- Native to: Burkina Faso
- Native speakers: (8,000 cited 1995)
- Language family: Niger–Congo? Atlantic–Congo?Savannas?Gur?Viemo; ; ; ;

Language codes
- ISO 639-3: vig
- Glottolog: viem1243

= Viemo language =

Gur language spoken in Burkina Faso

Viemo, also known as Vige, Vigué, Vigye, is a language of Burkina Faso. Vigué is the term for the ethniciity while Viemo is the name of the language. It may be related at a higher level to the Gur language family, but its exact affiliation within Niger–Congo languages is not yet established . It is spoken in Karangasso-Vigué Department and in neighbouring provinces.

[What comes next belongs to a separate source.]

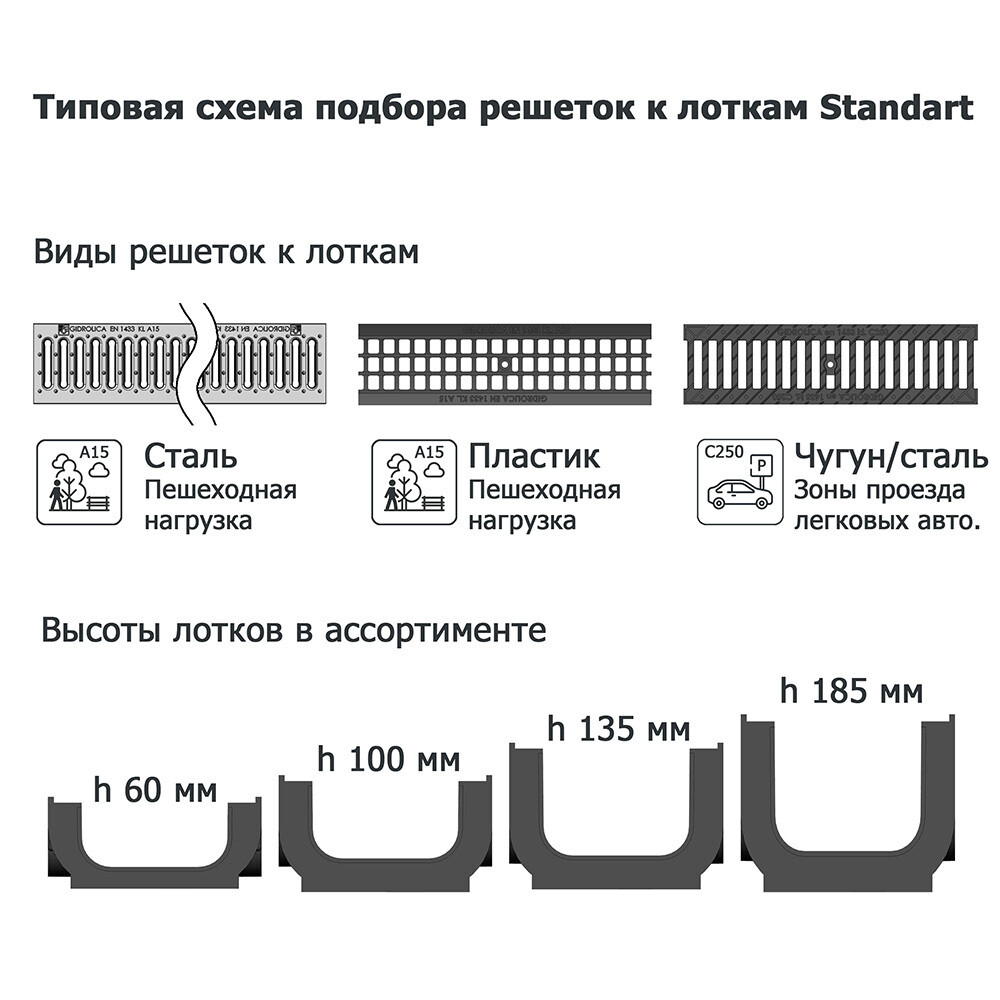Решетка для лотка водоотводного чугунная 500х136 мм Gidrolica черная

The central village, said to be the origin of other villages, is Karangasso-Vigué, which is distinct from Karangasso-Sembla, an important village of Sembla people (speakers of Seenku language) west of Bobo Dioulasso. Other important ethnic Vigué villages are Klesso, Dérégouan, and Dan. Speakers are called Vigué by Dyula speakers.
==Phonology==

Consonants
|  | Labial | Alveolar | Palatal | Velar | Labiovelar |
|---|---|---|---|---|---|
| Plosive | p b | t d | c ɟ | k | kp gb |
| Fricative | f v | s |  | x |  |
| Nasal | m | n | ɲ | ŋʷ |  |
| Approximant | w | l | j |  |  |

Vowels
|  | Front | Central | Back |
|---|---|---|---|
| High | i iː ĩ ĩː |  | u uː ũ ũː |
| Mid-high | e eː |  | o oː |
| Mid-low | ɛ ɛː ɛ̃ ɛ̃ː |  | ɔ ɔː ɔ̃ ɔ̃ː |
| Low |  | a aː ã ãː |  |

Viemo also has three tones; high, mid, and low.